By looking at their on/off court numbers (thanks to Stats Cube), you can see Westbrook is the same no matter what but Durant is MUCH better when he has Eric Maynor in the game.

The fact that Durant’s numbers are SO dramatically different with Westbrook on the bench, rather than with them side-by-side, is pretty staggering. Normally, you could just point to the fact that without a second dominant scorer on the court Durant’s numbers should skyrocket like they do.

Of course, he’s going to score more points, get more shots and probably get to the free throw line more without Russ by his side. Seeing that Westbrook’s scoring numbers are virtually the same when Durant is on the court while KD’s PER, free throw attempts and plus/minus dramatically improve when he’s sans his starting point guard seems like an issue.

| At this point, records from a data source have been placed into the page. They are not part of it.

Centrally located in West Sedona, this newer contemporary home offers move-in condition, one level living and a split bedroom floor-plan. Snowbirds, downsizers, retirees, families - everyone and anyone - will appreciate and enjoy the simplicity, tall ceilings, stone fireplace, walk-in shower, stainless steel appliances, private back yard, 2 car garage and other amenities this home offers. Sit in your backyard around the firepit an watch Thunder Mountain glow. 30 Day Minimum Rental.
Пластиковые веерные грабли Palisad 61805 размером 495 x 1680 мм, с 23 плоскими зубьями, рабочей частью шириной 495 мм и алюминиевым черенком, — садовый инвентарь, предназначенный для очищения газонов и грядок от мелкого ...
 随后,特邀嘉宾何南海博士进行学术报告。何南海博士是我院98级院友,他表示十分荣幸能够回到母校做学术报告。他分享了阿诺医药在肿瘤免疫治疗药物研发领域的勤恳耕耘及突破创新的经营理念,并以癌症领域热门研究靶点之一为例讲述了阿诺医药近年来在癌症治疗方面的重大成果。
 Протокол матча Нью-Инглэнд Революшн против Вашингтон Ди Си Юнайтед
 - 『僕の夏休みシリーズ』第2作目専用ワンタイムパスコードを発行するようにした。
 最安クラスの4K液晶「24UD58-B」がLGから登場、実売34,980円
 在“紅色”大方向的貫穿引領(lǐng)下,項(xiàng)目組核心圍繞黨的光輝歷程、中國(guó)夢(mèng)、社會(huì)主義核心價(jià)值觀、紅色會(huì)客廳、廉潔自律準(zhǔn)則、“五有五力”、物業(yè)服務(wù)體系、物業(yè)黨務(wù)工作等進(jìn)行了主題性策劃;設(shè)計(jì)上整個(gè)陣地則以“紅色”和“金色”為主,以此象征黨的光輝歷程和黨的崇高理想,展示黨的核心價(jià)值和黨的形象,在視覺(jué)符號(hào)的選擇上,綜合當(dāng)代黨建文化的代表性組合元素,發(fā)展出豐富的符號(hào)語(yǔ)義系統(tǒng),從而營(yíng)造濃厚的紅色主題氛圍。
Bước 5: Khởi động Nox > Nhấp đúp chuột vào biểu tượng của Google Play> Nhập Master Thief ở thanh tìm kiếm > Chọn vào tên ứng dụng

Checking out his stats when Eric Maynor is on the court, you see that he works much better with the backup, pass-first point guard.

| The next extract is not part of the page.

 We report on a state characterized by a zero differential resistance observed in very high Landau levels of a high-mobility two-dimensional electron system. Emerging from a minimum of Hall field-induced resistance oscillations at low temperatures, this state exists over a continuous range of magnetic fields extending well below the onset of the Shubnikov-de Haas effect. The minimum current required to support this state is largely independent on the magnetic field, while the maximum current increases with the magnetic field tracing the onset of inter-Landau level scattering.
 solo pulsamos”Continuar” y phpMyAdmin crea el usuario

The loss to Denver in Game 4 Monday night was a perfect example of the rollercoaster that is Russell Westbrook. He varied from pernicious to imposing and back from dribble to dribble. He carried them in the third quarter of that game and kept things from getting out of hand in Denver’s favor. Then the fourth quarter came and he was “feeling it” so much that he took 11 shots while Durant only got five attempts, and the Thunder couldn’t get any consistency to their fourth quarter.

In the Daily Dime Live chat, you had Thunder fans caps locking for Maynor to be subbed in and you had Denver fans caps locking in ecstasy over his decisions on the court. It was like Westbrook was grabbing the wheel of the Titanic because he felt he was the only one who could drive that ship through the fatal iceberg.

So what does all of this mean? Are the Thunder doomed? Do they need to get rid of Westbrook in the name of Durant’s fire-breathing ways? Should Eric Maynor be the future point guard of this team? Will Russell Westbrook add Vaseline to his daily caloric intake?

My overall point is this. The Oklahoma City Thunder are a more dangerous bunch when they’re utilizing Kevin Durant as the consistent focus of the attack. If there is that clichéd ideal of there needing to be an alpha dog, Durant has to be it. Westbrook could eventually find the right mixture of point guarding and getting his to make them an unstoppable force.

However, there could come a day when they have to make a decision of whether or not Russell Westbrook is the right running mate for Kevin Durant, and it probably won’t come down to anything having to do with how good of a basketball player he is. His selfishness isn’t suffocating right now, but the potential is there. When he believes he’s the best option, it’s the riskiest game plan OKC can employ.

He’ll win them plenty of games, but will his defensive decline and confidence to win ball games be the proper team basketball for this young team? More than likely, he comes out tonight and is a big part of closing out the Nuggets. But there could come a time in which Sam Presti has to decide between keeping a young star happy or jettisoning his ego for the greater good of this young and exciting Thunder team.

Hopefully 12 years from now, we’re not left wondering what could have been. The future of this team is too exciting to ruin.